Suppose that a State repealed all of the violent crimes in its criminal code and replaced them with only one offense, “knowingly causing injury to another,” bearing a penalty of 30 days in prison, but subject to a series of “sentencing enhancements” authorizing additional punishment up to life imprisonment or death on the basis of various levels of mens rea, severity of injury, and other surrounding circumstances. Could the State then grant the defendant a jury trial, with requirement of proof beyond a reasonable doubt, solely on the question whether he “knowingly cause[d] injury to another,” but leave it for the judge to determine by a preponderance of the evidence whether the defendant acted intentionally or accidentally, whether he used a deadly weapon, and whether the victim ultimately died from the injury the defendant inflicted? If the protections extended to criminal defendants by the Bill of Rights can be so easily circumvented, most of them would be, to borrow a phrase from Justice Field, “vain and idle enactment[s], which accomplished nothing, and most unnecessarily excited Congress and the people on [their] passage.”
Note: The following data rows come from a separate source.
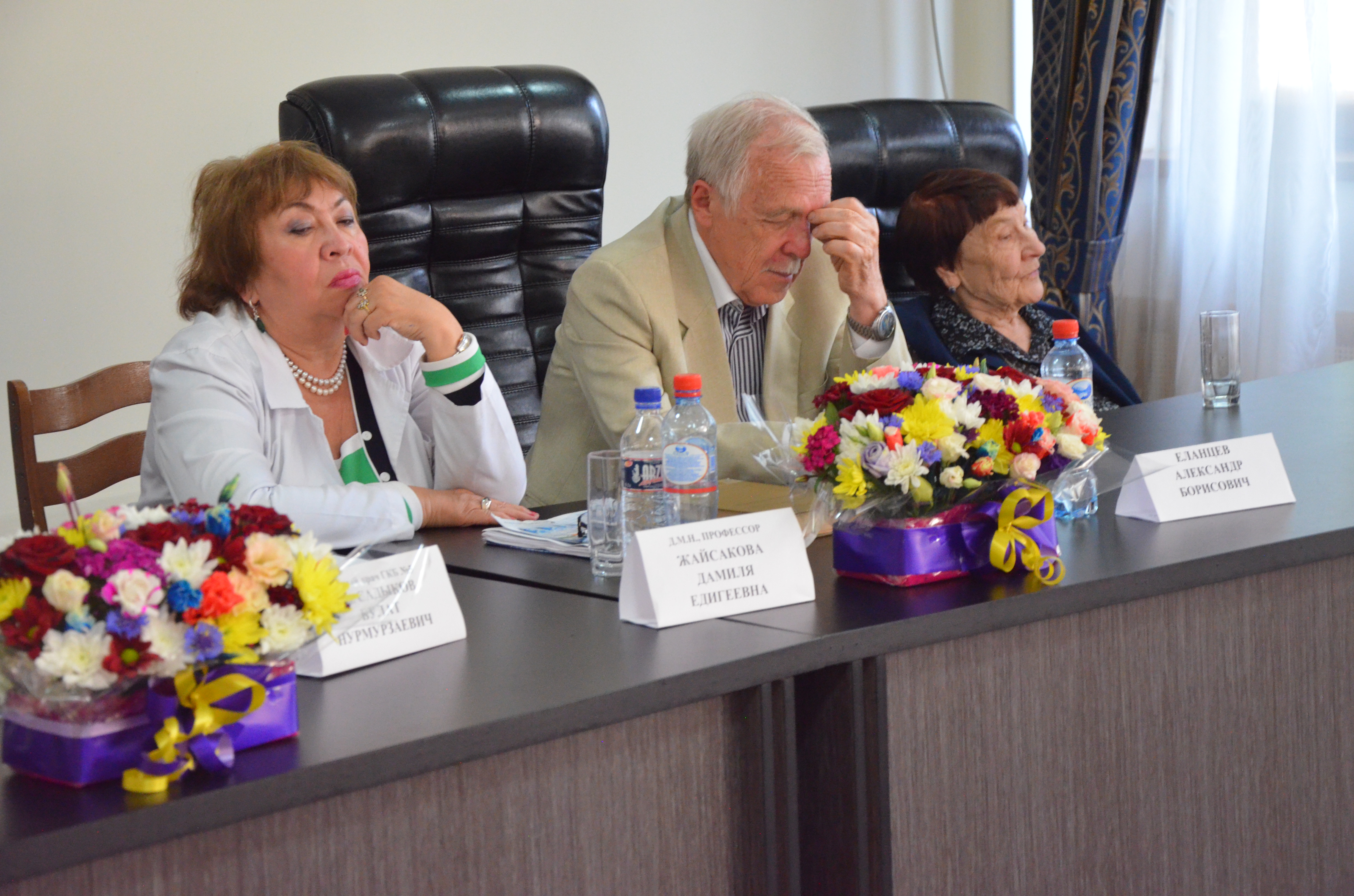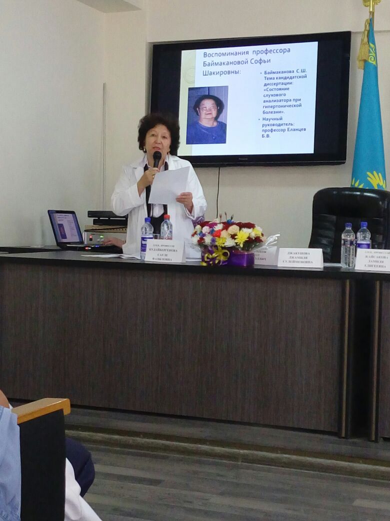 Сонан соң м.ғ.д., кафедраның профессоры Жайсақова Дәмелі Едігеқызы кеңестік оториноларингология ғылымының көрнекті кемеңгері, профессор Б.В. Еланцев туралы баяндама жасады.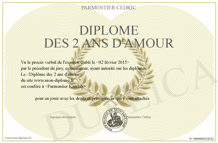 Envoyez par email votre Diplome des 2 ans d'amour personalisé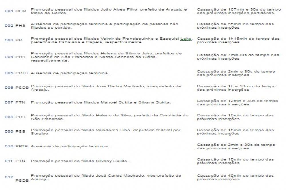 A Procuradoria Regional Eleitoral em Sergipe detectou irregularidades nas propagandas partidárias de oito partidos políticos do Estado. Entre elas estão a promoção pessoal de filiados e ausência de participação feminina. Os fatos deram origem a 12 representações eleitorais. Como penalidade, a PRE/SE pediu ao Tribunal Regional Eleitoral para cassar das agremiações, nas futuras propagandas partidárias, o tempo equivalente a cinco vezes ao da inserção ilícita, conforme estabelece a lei eleitoral.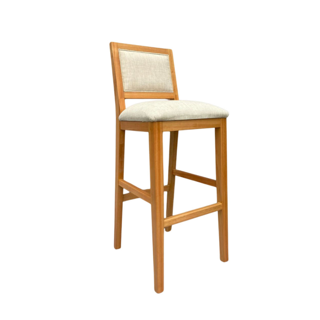 Banqueta alta con respaldo y asiento tapizado en tela grupo 2 / Lustre habano claro.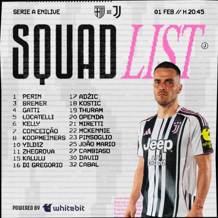 北京时间2月2日凌晨3点45,尤文将在意甲联赛第23轮客场挑战帕尔马,赛前尤文公布本轮联赛大名单,弗拉霍维奇继续因为内收肌问题缺席,伊尔迪兹、奥蓬达、图拉姆、加蒂、卡卢卢悉数入选。

The views expressed in Scalia’s dissents in Almendarez-Torres and Monge would in short course become law.

Though no fan of the Court’s Eighth Amendment jurisprudence policing the death penalty (where he often found himself in dissent), Scalia joined the majority in Ring v. Arizona, 536 U.S. 584 (2002), invalidating the piece of Arizona’s capital sentencing law allowing a judge to determine the presence or absence of aggravating factors required for imposition of the death penalty. Scalia lamented that the Court’s own misguided interpretation of the Eighth Amendment had forced states to “specify particular ‘aggravating factors’ that must be found before the death penalty can be imposed.” Of overriding importance, however, was his belief “that the fundamental meaning of the jury-trial guarantee of the Sixth Amendment is that all facts essential to imposition of the level of punishment that the defendant receives—whether the statute calls them elements of the offense, sentencing factors, or Mary Jane—must be found by the jury beyond a reasonable doubt.” He added this powerful paean to the jury’s role in capital trials:

[M]y observing over the past 12 years the accelerating propensity of both state and federal legislatures to adopt “sentencing factors” determined by judges that increase punishment beyond what is authorized by the jury’s verdict, and my witnessing the belief of a near majority of my colleagues that this novel practice is perfectly OK, cause me to believe that our people’s traditional belief in the right of trial by jury is in perilous decline. That decline is bound to be confirmed, and indeed accelerated, by the repeated spectacle of a man’s going to his death because a judge found that an aggravating factor existed. We cannot preserve our veneration for the protection of the jury in criminal cases if we render ourselves callous to the need for that protection by regularly imposing the death penalty without it.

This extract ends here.